Он взял на руки старшего племянника, чувствуя, как часто-часто бьется сердце под хрупкими детскими ребрами. Но с младшим возникли проблемы. Он беззвучно извивался на полу кибитки, не давая взять себя ни князю, и никому из воинов.
- Может быть, меня он не испугается? - сказала Дарина, протиснувшись между мужчин. - Я все-таки меньше похожа на тех, кто его взял в плен.
- Ты как раз похожа! Еще бы чжалаирский халат надела! - поддел ее Немирко, по-своему пытаясь разрядить обстановку.
Но Дарина уже взяла на руки ребенка, покрытого коркой запекшейся грязи. Тот немного побрыкался, но, почувствовав женские руки, утих. И вновь - ни единого звука.
- Что же с ним? Он все время так молчит? - с тревогой проговорила Дарина.
- Да. Все время с тех пор, как нас увезли. А маму ударили по голове, и она больше не двигалась, - Мстислав вздрогнул и крепко обнял шею Святослава.
Тот лишь теперь заметил под слоем грязи на руках и спине племянника еще и синяки, совсем свежие и уже рассосавшиеся, бледно-желтые. Значит, били. То-то мальчишки на затравленных зверьков похожи, а Ярополк онемел! Что ж, спасибо еще, что довезли мальчиков живыми, хотя бы ради "бакшиша".
Поравнявшись с поджидавшим его темником Ганжууром, Святослав вежливо кивнул ему.
- Сегодня вечером отправлю тебе выкуп, если же при себе не хватит кун - пришлю тебе после из Влесославля, не сомневайся, - пообещал он.

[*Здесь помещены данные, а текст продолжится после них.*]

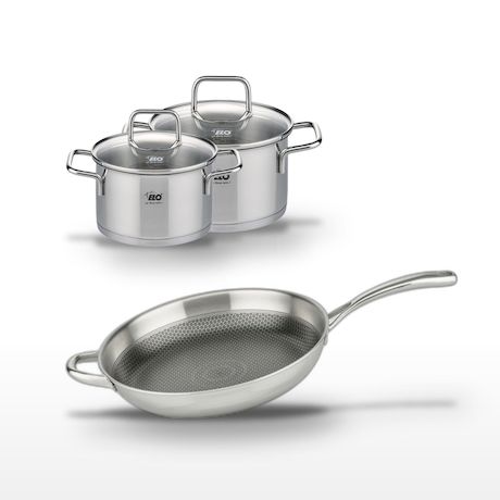 DESCRIPTION : Ce lot Elo Relief Evolution offre une poêle 32 cm et deux faitouts en inox, parfaits pour des cuissons variées et homogènes.PETIT + : La poêle est équipée d'un revêtement antiadhésif ELODUR® Professional sans PFAS, et les faitouts préservent les vitamines des aliments.COMPOSITION : Aci

- Какие могут быть сомнения! Всем известно, что твое слово дороже золота, - с той же светской любезностью отозвался темник.
"Дома" маленьких княжичей поручили заботам служанки - недавно выкупленной полонянки по имени Млава. Ее история была, увы, типична для нынешнего времени. Несколько лет назад ее, еще молодой девушкой, живущей тогда в деревне под Дедославлем, захватили в плен вместе со многими другими. Здесь ее несколько раз продавали и перепродавали из рук в руки. У последнего хозяина она прожила дольше всего, выполняя поручения придирчивой хозяйки и время от времени деля ложе со своим господином. Хозяйские дети иногда ездили верхом на рабыне-свархе, садясь на спину и дергая ее за волосы вместо вожжей. Но ей повезло - недавно князь Святослав выкупил Млаву вместе с некоторыми другими рабами - капля в еще больше пополнившемся море чжалаирского ига! Даже перелови жители Сварожьих Земель всех пушных зверей в своих лесах и отдай их меха чжалаирам, и тогда бы вряд ли удалось освободить весь полон. А ведь многих пленников уводили в дальние страны, далеко от Сарай-Ердена. Да и тем, кто остался дома, приходилось за себя дань платить, уж не до помощи другим...
Млава выкупала и остригла обоих мальчиков, напоила их молоком и уложила спать. Все время, пока занималась ими, ужасалась вслух, какими грязными и заморенными выглядят княжичи. К счастью, несмотря на собственные беды, сердце бывшей рабыни еще сохранило достаточно тепла, чтобы позаботиться о брошенных детях по зову сердца, а не только ради платы. Похоже было, что ей подопечные доверяли больше, чем Дарине, или же она умела лучше обращаться с ними. Сейчас Млава, уложив детей спать, напевала им грустную песенку. Вместо сожженных лохмотьев для детей пришлось купить подходящие чжалаирские детские вещи, потому что больше их не во что было одеть.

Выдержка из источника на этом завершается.